[[ Input data, beginning ]]

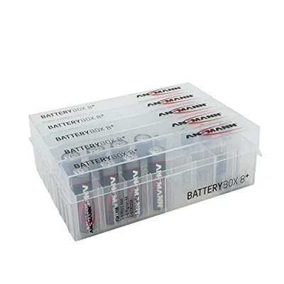 Practical storage for up to 8 Batteries of size AA and AAA and special lithium batteries such as CR 123A, CR 2, and memory cards. ANSMANN Battery box plus puts an end to the short-circuited batteries when just put in a pocket, or the inadvertent discharge and ensures optimum retention, protection, and provides easy to sort case. Compact and handy. Ideal for travelling and at home High-quality plastic processing of the protective box. Several boxes can be attached together. Delivery: 5x ANSMANN battery box plus for 8 batteries / battery / SD card
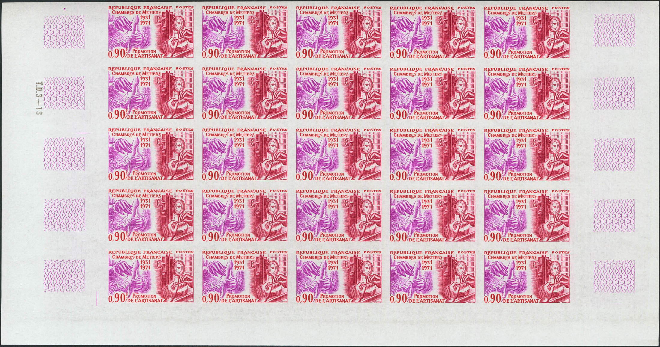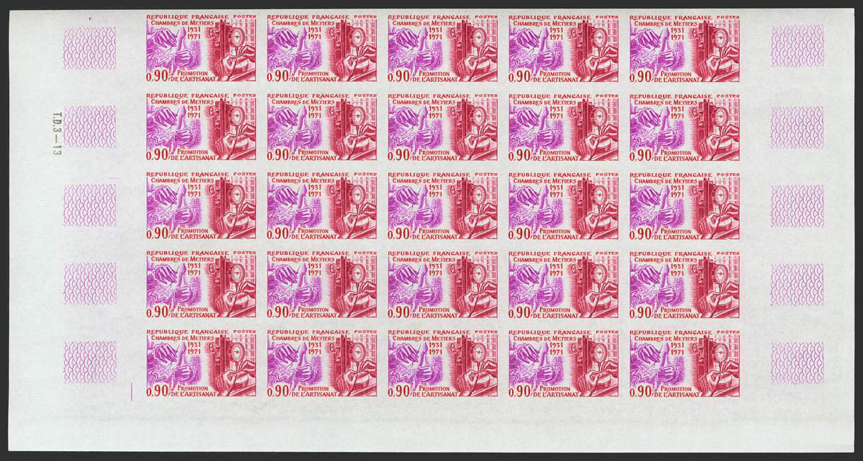 ★★Yvert 1691a(25). 1971. 90 multicolored cts, block of twenty-five. NO TEETH. MAGNIFICENT.
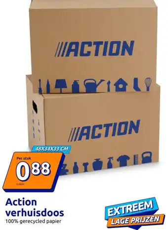 De Action verhuisdoos is gemaakt van 100% gerecycled papier en heeft een afmeting van 48X34X33 CM. Deze verhuisdoos is verkrijgbaar per stuk en heeft het artikelnummer 088. Bij Action vind je altijd EXTREEM LAGE PRIJZEN, dus ook voor verhuisdozen! Deze stevige verhuisdoos is ideaal voor het inpakken en vervoeren van al je spullen tijdens een verhuizing. Dankzij het gebruik van gerecycled papier is deze doos ook nog eens milieuvriendelijk. Of je nu gaat verhuizen naar een nieuw huis of gewoon wat spullen wilt opbergen, met de Action verhuisdoos weet je zeker dat je spullen veilig en goed beschermd zijn. Bestel vandaag nog jouw verhuisdozen bij Action en profiteer van de scherpe prijzen!
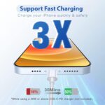【 Compatibility】: USB-C to iPhone cable supports PD Fast Charge 3A (max) for iPhone 14/14 Pro/14 Pro Max/14 Plus/ iPhone 13/13 Pro/13 Pro Max/13mini/iPhone 12/12 Mini/12 Pro/12 Pro Max/11/11 Pro/11 Pro Max/XS Max/XS/XR/X/8 Plus/8 and iPad 8th iPad 2020, iPad Pro 12.9″ gen1/ gen2/iPad Pro 10.5″/iPad Air3 10.5″/iPad mini5 7.9″; Note: You need a USB-C port wall charger to achieve fast charging.

[[ Input data, end ]]

#### [About this exercise]
The result should be the same data as above, line for line, with the pictures gone.

#### [Exercise answer]
 Practical storage for up to 8 Batteries of size AA and AAA and special lithium batteries such as CR 123A, CR 2, and memory cards. ANSMANN Battery box plus puts an end to the short-circuited batteries when just put in a pocket, or the inadvertent discharge and ensures optimum retention, protection, and provides easy to sort case. Compact and handy. Ideal for travelling and at home High-quality plastic processing of the protective box. Several boxes can be attached together. Delivery: 5x ANSMANN battery box plus for 8 batteries / battery / SD card
 ★★Yvert 1691a(25). 1971. 90 multicolored cts, block of twenty-five. NO TEETH. MAGNIFICENT.
 De Action verhuisdoos is gemaakt van 100% gerecycled papier en heeft een afmeting van 48X34X33 CM. Deze verhuisdoos is verkrijgbaar per stuk en heeft het artikelnummer 088. Bij Action vind je altijd EXTREEM LAGE PRIJZEN, dus ook voor verhuisdozen! Deze stevige verhuisdoos is ideaal voor het inpakken en vervoeren van al je spullen tijdens een verhuizing. Dankzij het gebruik van gerecycled papier is deze doos ook nog eens milieuvriendelijk. Of je nu gaat verhuizen naar een nieuw huis of gewoon wat spullen wilt opbergen, met de Action verhuisdoos weet je zeker dat je spullen veilig en goed beschermd zijn. Bestel vandaag nog jouw verhuisdozen bij Action en profiteer van de scherpe prijzen!
【 Compatibility】: USB-C to iPhone cable supports PD Fast Charge 3A (max) for iPhone 14/14 Pro/14 Pro Max/14 Plus/ iPhone 13/13 Pro/13 Pro Max/13mini/iPhone 12/12 Mini/12 Pro/12 Pro Max/11/11 Pro/11 Pro Max/XS Max/XS/XR/X/8 Plus/8 and iPad 8th iPad 2020, iPad Pro 12.9″ gen1/ gen2/iPad Pro 10.5″/iPad Air3 10.5″/iPad mini5 7.9″; Note: You need a USB-C port wall charger to achieve fast charging.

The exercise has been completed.